CN116684127BCN 116684127 BCN116684127 BCN 116684127BCN-116684127-B

Abstract

The invention discloses a network security interpretable network data marking method, a system and a computing device, wherein the method comprises the steps that a simulator simulates each network attack, a corresponding network data packet is obtained through a packet grabbing operation, and clustering operation is carried out on the data on the basis to obtain a final data set; the anomaly detector uniformly models the network flow characteristic information of the final data set and a part of interpretation results provided by the interpreter, determines a suspicious flow in each interaction with a network analyst, and the interpreter interprets the currently detected suspicious flow based on maximum linear separation and inquires the network analyst to judge whether the suspicious flow is the anomalous flow.

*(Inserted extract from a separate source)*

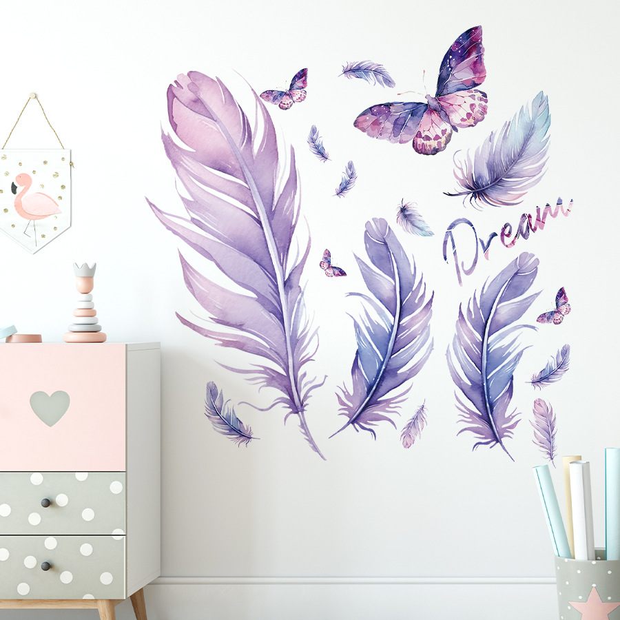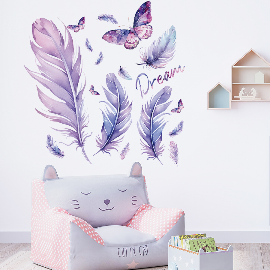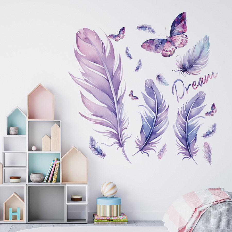 만화 보라색 나비 깃털 자기 접착 벽 스티커 Ins 소녀 스타일 방 배경 벽 장식 스티커 ZN3077F스토어 가기
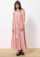 Experience effortless chic in our FRNCH Isee Maxi Dress. The elegant ruffles and wide shoulder straps are beautifully tied, creating a stunning striped design. The exquisite stitching adds a touch of sophistication to this must-have piece. Don't miss out on this exclusive dress!

The invention has the advantages that the computing resource of the interpreter is fully utilized, and the anomaly detector can interact with network analysts, wherein the interaction quality is ensured through the interpreter, and finally, the anomaly detector model has the capability of adapting to the dynamic network environment.

Inventors

SHI LEI
LIN CHUNGANG
DUAN RONGCHANG
YU CUILING
ZHANG YUJUN
HOU WEI
Ai Zhengyang
DUAN DONGSHENG

Assignees

国家计算机网络与信息安全管理中心

Dates

Publication Date: 20260512
Application Date: 20230523

Claims (4)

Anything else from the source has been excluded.